The debugger indicates the error occurs in Nodule1 in Sub ExportChart() at the line: ChDrive sPathName
It has been three years since anyone posted here.
Jon Peltier says
What is sPathName?
Peter Wilde says
Hi,
It is a statement in the beginning of the VBA code for your ExportChart.xla file:
‘=========================================================================
‘ Peltier Technical Services, Inc., Copyright © 2008. All rights reserved.
‘=========================================================================
Option Explicit
‘=========================================================================
Public Const myChartExportMenu As String = “E&xport Chart”
‘=========================================================================
Sub ExportChart()
Dim sChartName As String
Dim sFileName As String
Dim sPathName As String
Dim sPrompt As String
Dim sCurDir As String
Dim iOverwrite As Long
If ActiveSheet Is Nothing Then GoTo ExitSub
If ActiveChart Is Nothing Then GoTo ExitSub
sCurDir = CurDir
sPathName = ActiveWorkbook.Path
If Len(sPathName) > 0 Then
ChDrive sPathName
ChDir sPathName
End If
When the error occurs, a small window comes up which has the Debug button. Clicking that takes you to the VBA for Applications windows, and the line is yellow highlighted. When I installed the add-in, I just followed the procedure of adding it through the Manage Add-ins tool available through Excel settings.
Jon Peltier says
No, I meant, what is the value of sPathName? In other words, what is the path of the folder contrasting the active workbook?
Peter Wilde says
\\ADHServer\Projects\030 – Contra Costa Clean Water Program\SSID_Studies\Marsh_Creek_Fish_Kill_Study\LoggerProgram\MBW_StageChange_Analysis.xlsx
Jon Peltier says
Hmmm, is that a SharePoint address?
Try this.
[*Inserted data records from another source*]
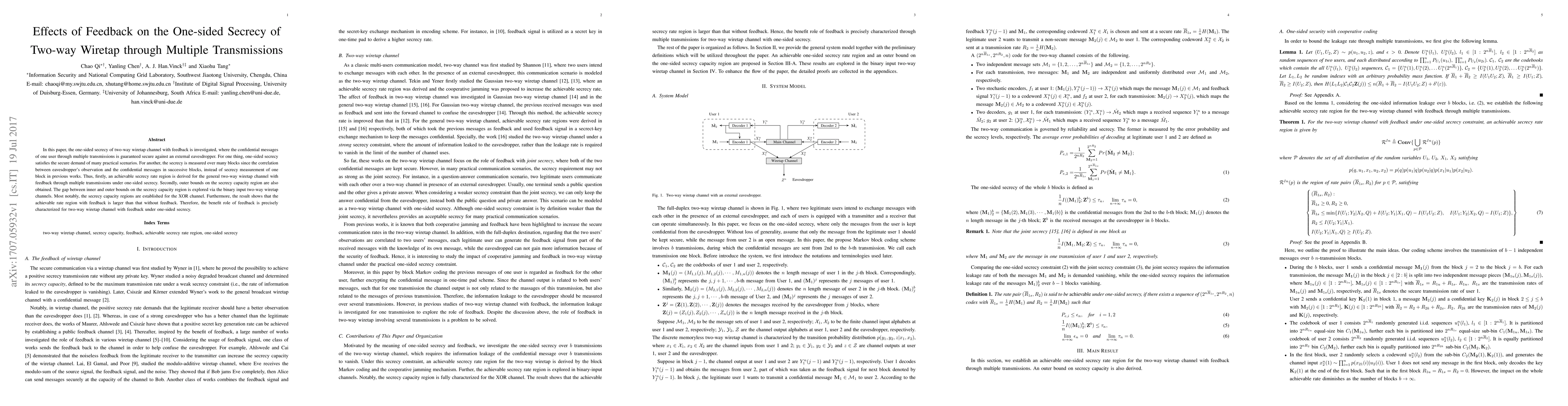In this paper, the one-sided secrecy of two-way wiretap channel with feedback is investigated, where the confidential messages of one user through multiple transmissions is guaranteed secure against an external eavesdropper. For one thing, one-sided secrecy satisfies the secure demand of many practical scenarios. For another, the secrecy is measured over many blocks since the correlation between eavesdropper's observation and the confidential messages in successive blocks, instead of secrecy measurement of one block in previous works. Thus, firstly, an achievable secrecy rate region is derived for the general two-way wiretap channel with feedback through multiple transmissions under one-sided secrecy. Secondly, outer bounds on the secrecy capacity region are also obtained. The gap between inner and outer bounds on the secrecy capacity region is explored via the binary input two-way wiretap channels. Most notably, the secrecy capacity regions are established for the XOR channel. Furthermore, the result shows that the achievable rate region with feedback is larger than that without feedback. Therefore, the benefit role of feedback is precisely characterized for two-way wiretap channel with feedback under one-sided secrecy.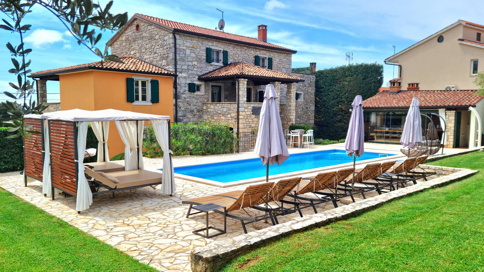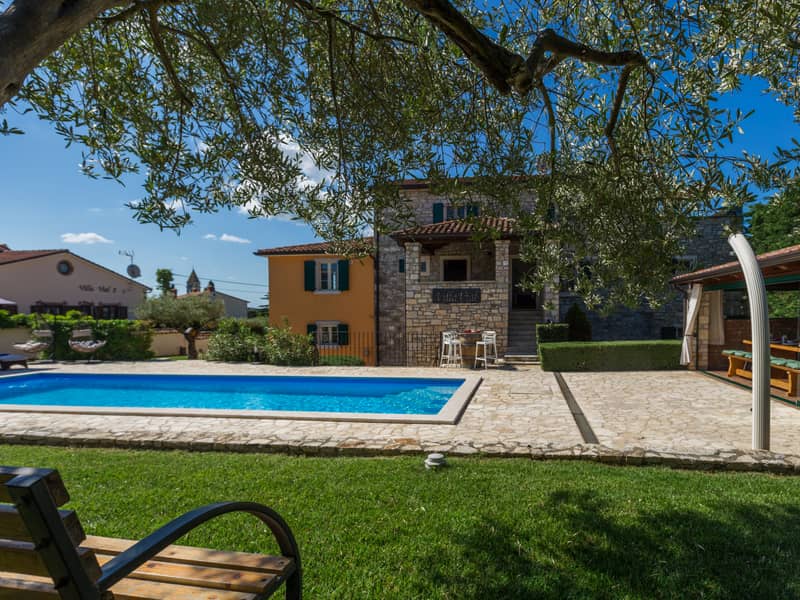 Villa Vial in Kaštelir offers a unique rustic atmosphere with three separate apartments, ideal for large groups and family gatherings. The villa can accommodate up to 14 guests in 6 bedrooms and 7 bathrooms.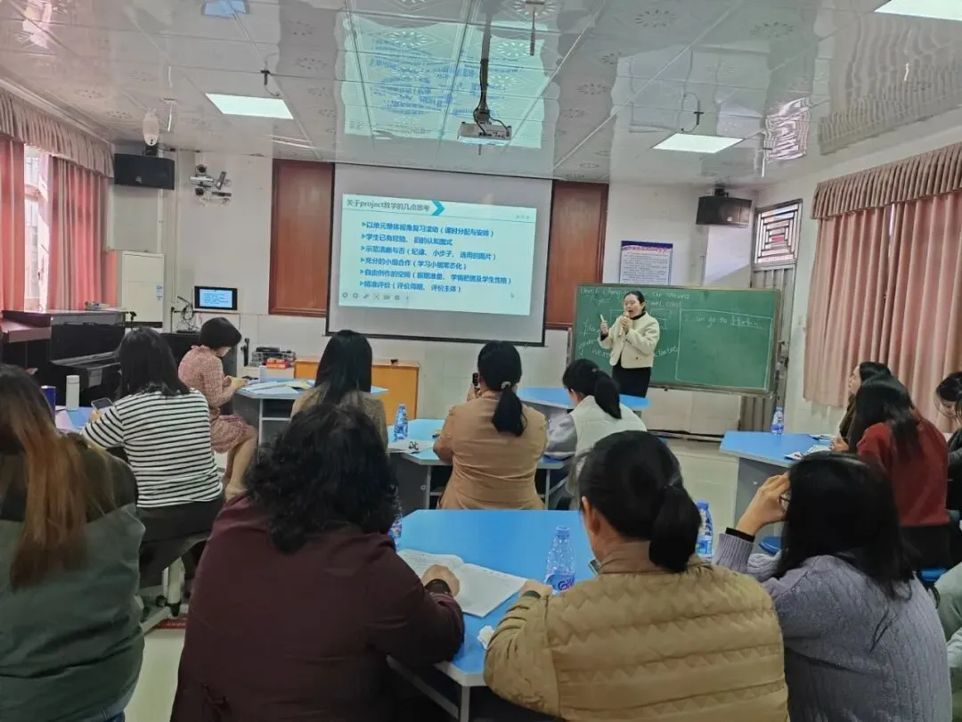 活动中,莞城教研管理中心教研员朱晓岚先引导参会教师分组研讨,围绕Project板块功能、问题链设计、教学阶段划分及评价作用四大核心问题交流碰撞。随后,朱晓岚结合课例作“基于主题意义探究的小学英语项目式学习”专题讲座,从教材解读、学情、流程设计三个维度,拆解Project板块“准备—进行—完成—改进”四步教学法,提供实用教学方法。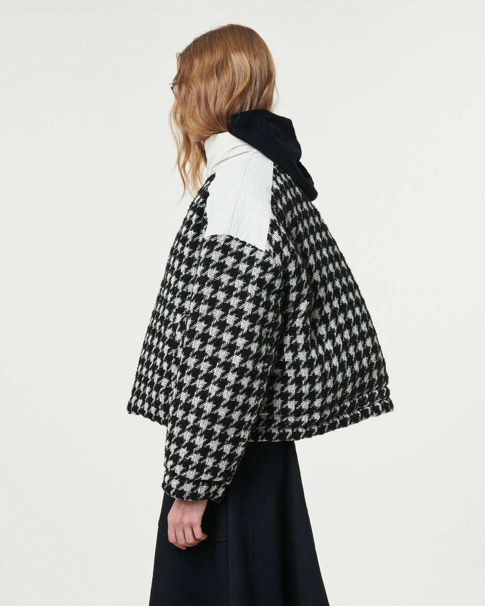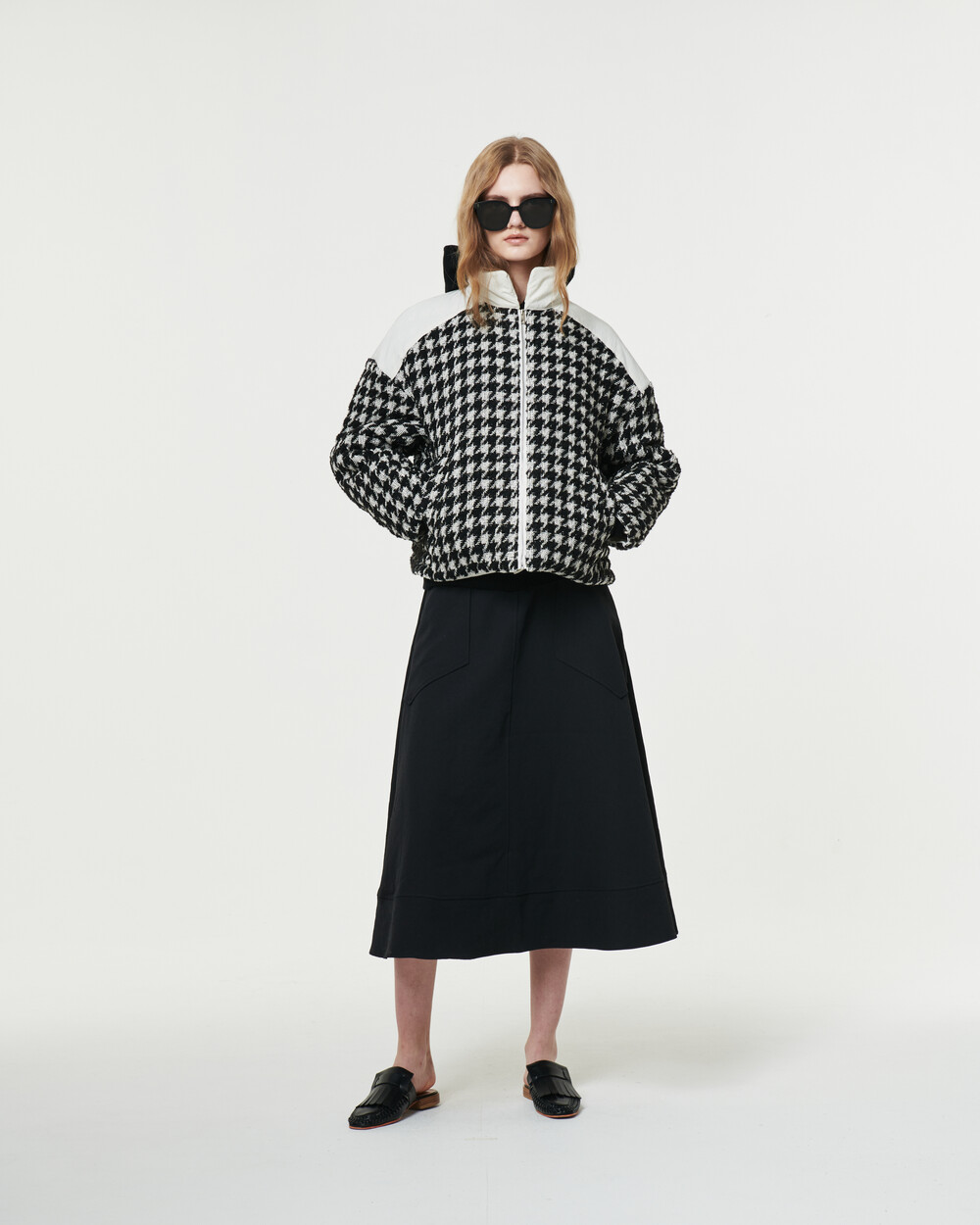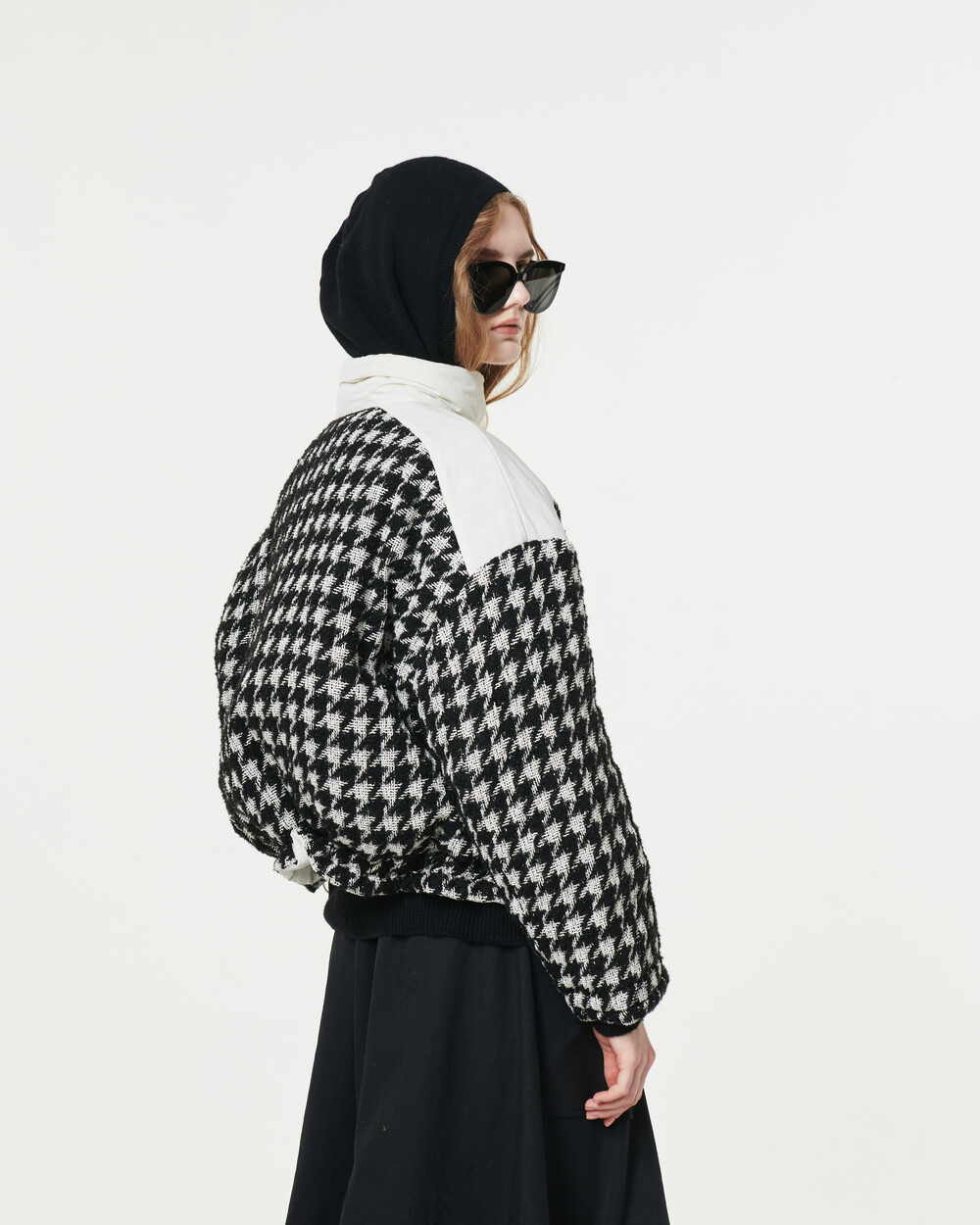 6온스 웰론솜을 충전제로 사용하여 따뜻하며, 고급스러운 하운드투스원단을 점퍼로 디자인하여

Select a chart and run this procedure:
Sub TestExport()
ActiveChart.Export “\\ADHServer\Projects\030 – Contra Costa Clean Water Program\” & _
“SSID_Studies\Marsh_Creek_Fish_Kill_Study\LoggerProgram\MBW_StageChange_Analysis.png”
End Sub
If you don’t get a chart, it might be a problem with permissions. Using a folder in “My Documents” on your local PC may work.
PETER WILDE says
It works perfectly from My Documents. The problem may have something to do with path length as the directory on the server in question is wide open with no security enabled.
Thanks for your responses to this. It is a great add-in.
Jon Peltier says
I doubt it’s path length; the full path and file I had you try was 143 characters.
It might be an issue with the network address (starting with two back slashes), though I don’t really know why.